Food-led disinflation pushes CPI to 1.55% in July, but core pressures and household data reveal a more complex reality.
The big picture
India’s retail inflation cooled sharply to 1.55% in July, the lowest reading in eight years, according to the Ministry of Statistics & Programme Implementation’s (MoSPI) Consumer Price Index (CPI) release for July 2025. The fall was led by a rare stretch of food price deflation — the Consumer Food Price Index (CFPI) registered –1.76% — even as several essential services remained firm. Rural inflation moderated to 1.72%, urban to 1.18%, pulling the combined measure to the new cycle low.
On paper, this is an inflection point. In practice, households are asking a fair question: if inflation is at an eight-year low, why do monthly budgets still feel tight? The answer lies in what is falling (volatile, high-weight food) and what is not (stickier, lower-weight essentials like health, education, housing and services). This explainer unpacks the headline number using MoSPI’s latest release, breaks down rural–urban dynamics, tracks historical context, and outlines what to watch next for policy and pocketbooks.
What the latest CPI release shows
MoSPI’s July CPI bulletin (base: 2012 = 100) reports a broad-based easing led by food, while non-food categories are cooler than a year ago but still sticky in places.

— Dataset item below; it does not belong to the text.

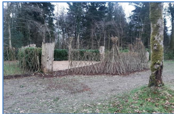
Pruning of willow tunnels around the sand pit in the playground at Woodstock

Work also too place in the natural play area where the willow tunnels which offer a fun natural element to the play area were pruned back. Further elements will be added to this play area this year with funding available for a sensory play area and accessible playground equipment from the Disability Participation and Awareness Fund.
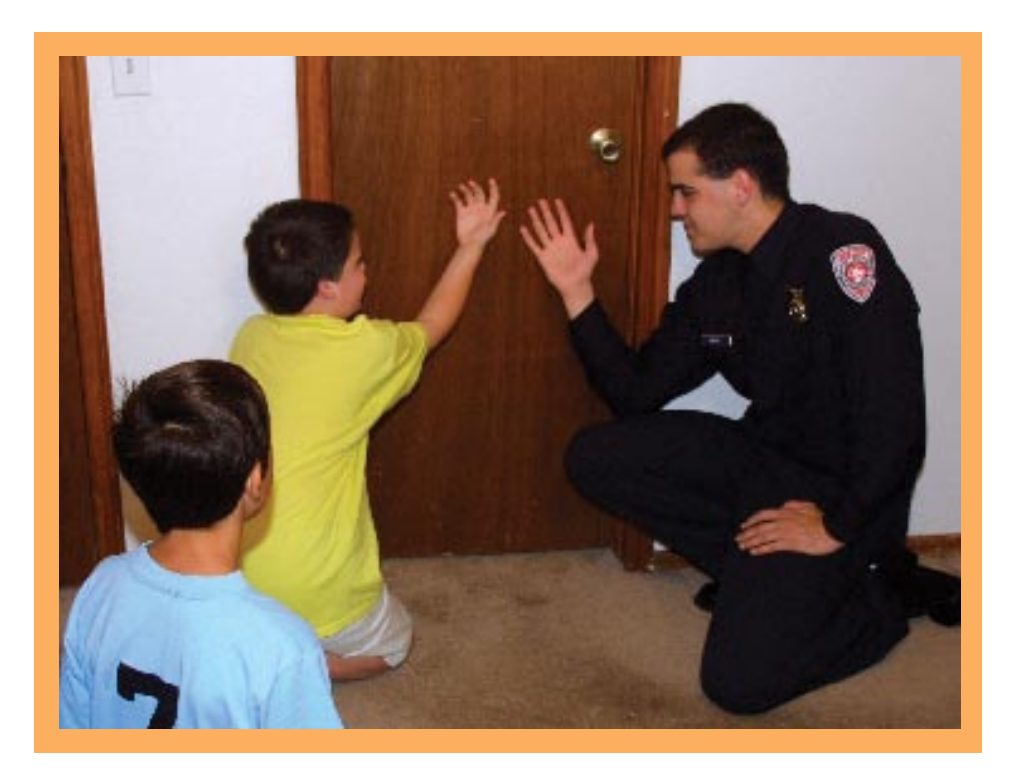
Figure 3: Feel the door with the back of your hand.

If the door does not feel hot, open it with caution. There still may be smoke and heat on the other side. If you open the door and find smoke or heat, close the door, and use your second way out. If the path to the outside is clear of smoke, or if you can crawl under the smoke, move quickly to the exit (see Figure 4).

Key highlights extracted from the press release:
Large declines within food led by vegetables (about –20.7%), pulses (about –13.8%), spices (about –3.1%) compared with last year’s elevated levels.
Core inflation (CPI excluding food & fuel) remains near ~4%, with education (~4.0%) and health (~4.6%) still elevated; transport & communication eased compared to last year’s highs.

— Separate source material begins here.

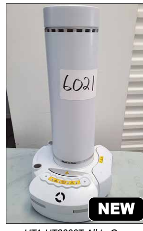
HTA HT2800T All in One Auto Sampler
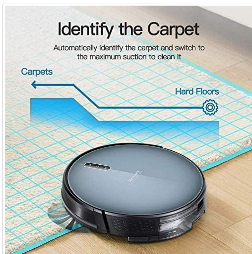
Image: The robot vacuum transitioning from a hard floor to a carpet, with an arrow indicating increased suction for carpet cleaning.

The 830T automatically detects carpets. When a carpet is identified, the robot will increase its suction power to the maximum setting for a deeper clean. It will return to normal suction on hard floors.

Table 1 — CPI at a glance (YoY, %) Source: MoSPI, CPI Press Release — July 2025 (Combined; Rural/Urban splits as reported)
Indicator
Combined
Rural
Urban
Headline CPI
1.55
1.72
1.18
CFPI (Food)
–1.76
–1.74
–1.90
Note: This table reproduces the headline rates presented in the press release for July 2025.
Why the plunge? The role of base effects and food weights
Two mechanics matter here:
High base last year: July 2024 saw unusually high food inflation after erratic weather and supply shocks. Comparing July 2025 to that elevated base mechanically pushes the year-on-year rate down (the “base effect”).
Basket weights: The CPI basket is anchored to 2011–12 consumption patterns, which give food a heavy weight (near half the basket for the combined index, and even more for rural). When food prices fall sharply, the headline CPI can drop even if other categories haven’t eased as much.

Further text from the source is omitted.